Confusion about work done by friction as negative or positive

[kjamha]

https://lh3.googleusercontent.com/0GOyZeQMdpLgYxYwwP4FMabe-Mk7QpADPC4ZK4PVpBGKvamcqjopOf3M0evdhE8PHZ3iTQ=s138 m1 is 4 kg and m2 is 8 kg. The kinetic friction coefficient on the table is 0.3. m1 is held in place. When m1 is released, m2 accelerates 1.2 m to the floor. Use conservation of energy/ and or Work KE principle to find the speed of the two blocks at the instant m2 hits the floor.

I used the following equation to solve the problem:

PE = KE1 + KE2 + work(friction) with g = 10 m/s2

8x10x1.2 = 1/2 (4) (v2) + 1/2 (8) (v2) + Nx.3x1.2 and then solved for v.

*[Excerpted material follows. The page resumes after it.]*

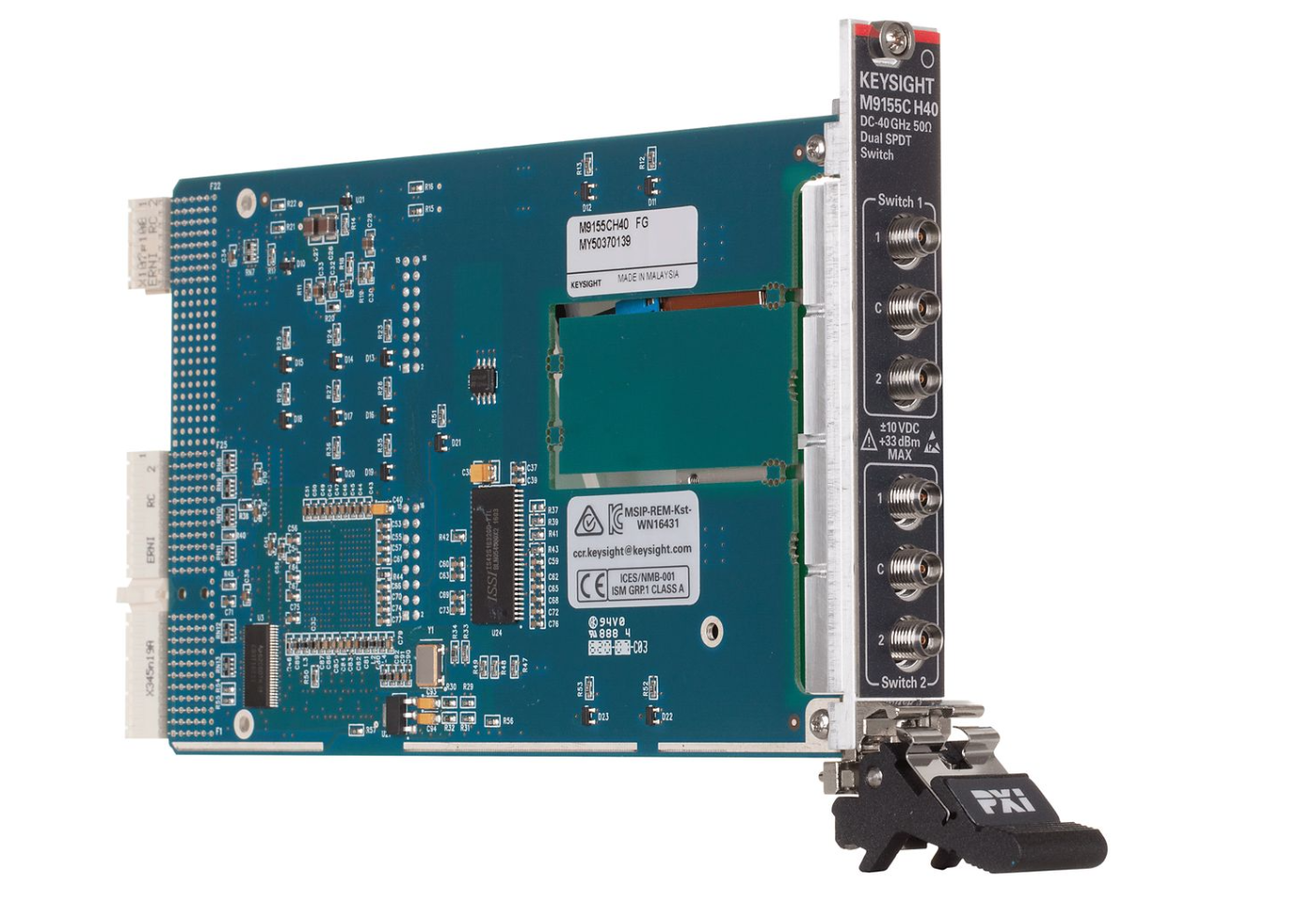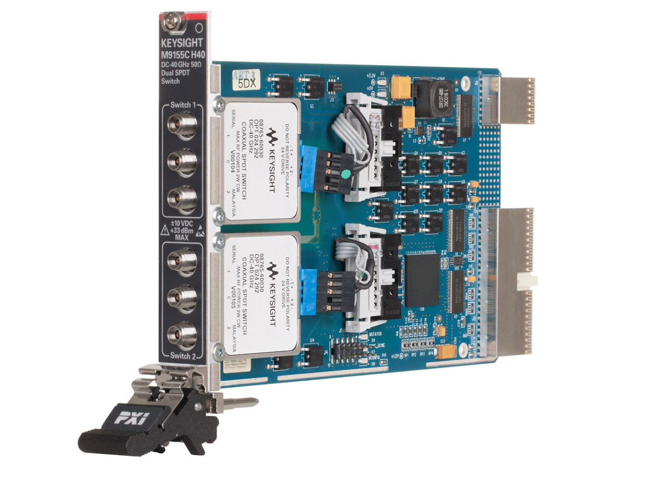 Keysight M9155CH40 是一款双路 SPDT PXI 混合开关模块,其中集成了两个 Keysight 8765D 同轴开关。 它占用一个插槽的宽度。

I got the right answer but I see work done by friction as negative (the force and displacement are in opposite directions). If I use a negative number here, I get the wrong answer. Also, regarding conservation of energy, I see a change in PE as negative energy (decrease in PE), the friction as negative work and the change in KE for m1 and m2 as a gain in energy. Shouldn't the change in PE + work done by friction = change in KE of m1 + change in KE of m2? Why is work done by friction positive in my original equation?

 

[Andreas C]

You've got the sign of Wf wrong. How did you arive at this equation? Because when non conservative forces are present, ΔΕ=W, where W is the work of the non conservative forces. ΔΕ=K1+K2-P0, so P0=K1+K2-Wf.

 

[Andreas C]

Another method giving the same result is this:
ΔΚ=Wf+Wg
Wg=-ΔP=P0
P0=K1+K2-Wf

 

[kjamha]

Your equation makes sense to me. Plugging in numbers for P0=K1+K2-Wf (using g = 10m/s2):
96 = 4v2 + 2v2 - 0.03x40x1.2
96 + 14.4 = 6v2
v = 4.29 m/s
If friction is eliminated, then 96 = 4v2 + 2v2 and v = 4 m/s. This is slower than 4.29. Adding friction should slow down the speed. That is why added Wf, which gives me the correct answer. I like your equations, but why is it giving me the wrong answer?

 

[Andreas C]

P0+Wf=K (where K=K1+K2), and since friction does a negative work, if you remove it, K is larger.

 

[kjamha]

I see it. Thanks!